“Unimpressed.” “Disappointing.” “Weak.” Those are the leading reactions to the crop of potential Republican candidates for the GOP presidential nomination.
That’s a tough starting place for a nomination battle that hasn’t moved into high gear. What’s especially troubling from the perspective of the Republican Party is the fact that Republicans and GOP-leaning independents are almost as negative as the rest of the country about their prospective candidates.
A new Washington Post-Pew Research Center poll asked respondents to describe in one word their overall impression of the candidates running for the Republican nomination. In total, 44 percent offer a negative reaction, 12 percent a positive reaction and 19 percent a neutral one. Fully 25 percent did not provide a rating.

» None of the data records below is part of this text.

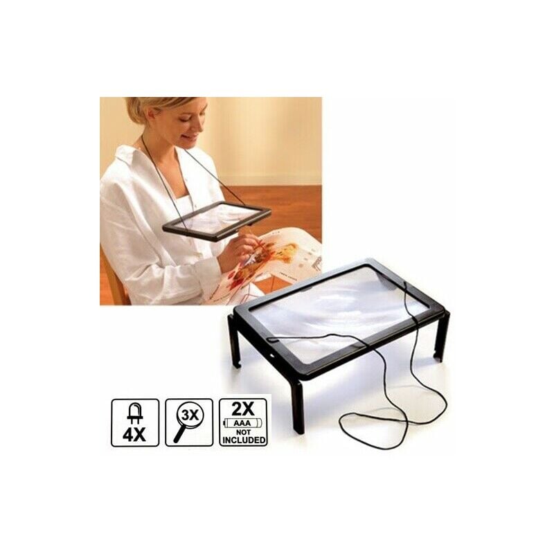 LENTE D'INGRANDIMENTODA COLLO E TAVOLO CON LUCE A LED PRATICO ACCESSORIO COMPOSTO DA UNA LENTE D'INGRANDIMENTO DI MISURA 275 X 200 mm DOTATA DI 4 LUCI A LED ALIMENTATE TRAMITE 2 PILE AAA (MINI STILO) NON IN DOTAZIONE. LA LENTE SI PUO' UTILIZZARE APPESA AL COLLO TRAMITE IL LACCIO IN DOTAZIONE PER AVERE LE MANI LIBERE, OPPURE POGGIATA SU TAVOLO CON LE GAMBE PIEGHEVOLI INCORPORATE. INGRANDIMENTO 3X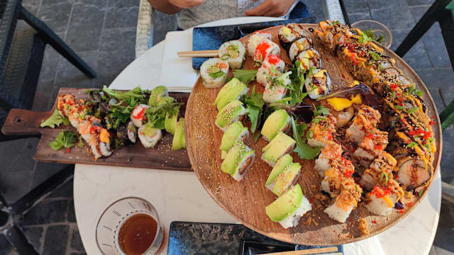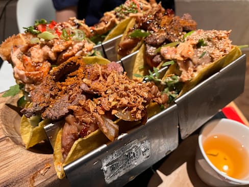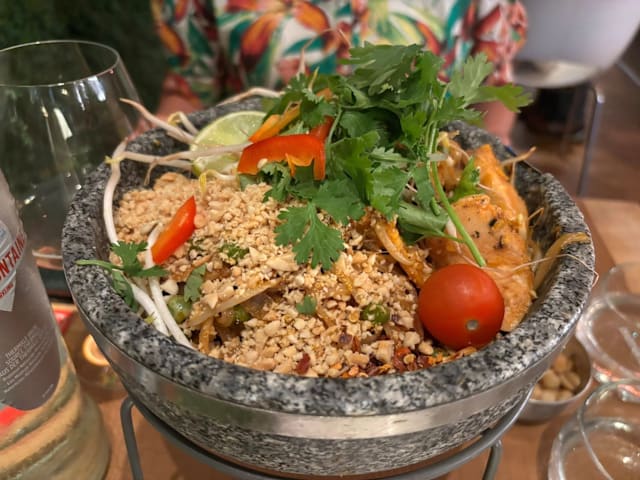 5/10The food was average and overpriced. Definitely not authentic (pad Thai with broccoli and zucchini? Same for the red curries... Meat on sushi tacos was chewey. The other sushi tacos (salmon, shrimp) were tasty. The waitress wipes plates with her finger and grabs cutlery by the side where guests put their mouths (not where they grab them). The bill had a mistake in it that was then corrected. Overall service felt chaotic and taste was below average for the price... Portion sizes were large, meaning many guests could take leftovers home. Ambiance/decoration was nice and looked clean.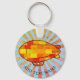 Cute cartoon style blimp balloon flying in sunny blue sky. Original design. Custom keychains. Decor and gift idea for adults and kids.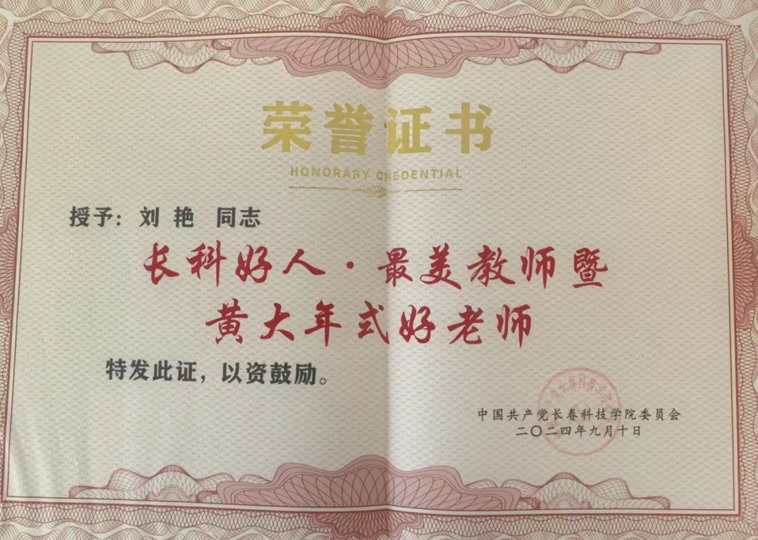 (四)刘艳教师获得长春科技学院2024年度最美教师“暨黄大年式”好老师称号;

Among Republicans and GOP-leaning independents, negative assessments of the candidates outnumber positive ones by 37 to 22 percent. Almost as many, 23 percent, offer no single word or refuse to answer.
The leading negative descriptors among Republicans include “unimpressed,” “disappointing,” “weak,” “pathetic,” and “confused.” The leading positive descriptors are “good” and “hopeful.”

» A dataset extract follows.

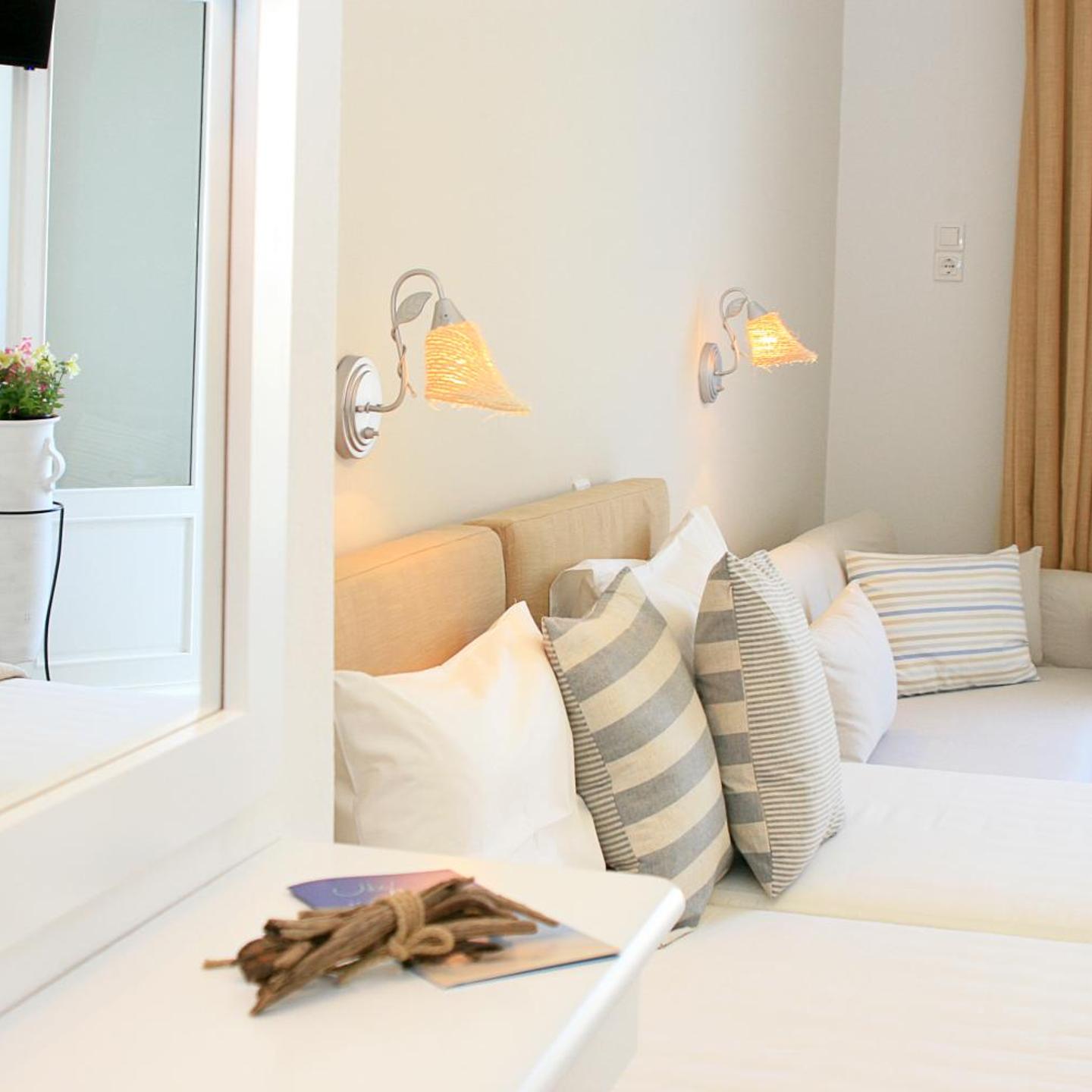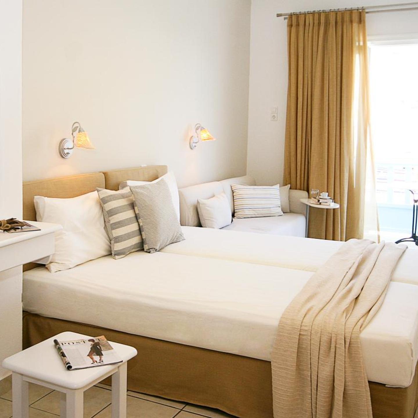 מקום האירוח Paradissos Hotel שוכן בPera Gyalos, וכולל יחידות אירוח כוכב אחד עם מרפסות פרטיות. המלון ממוקם במרחק של כ-מספר צעדים מחוף פרה גיאלוס ו-700 מ' מChurch of Panagia Portaitissa, ויש בו אינטרנט אלחוטי בחינם. צוות המקום יכול לארגן הסעות.

Among all respondents, 14 words are mentioned at least 10 times. Of that group of words, 10 of the 14 are negative.
The breakdown of negative, positive and neutral descriptions are relatively consistent across political and demographic groups. Young adults, under age 30, are less negative than older Americans, with just as many providing no answer as a negative rating. Six in 10 white college graduates offer a negative rating – the highest of any group.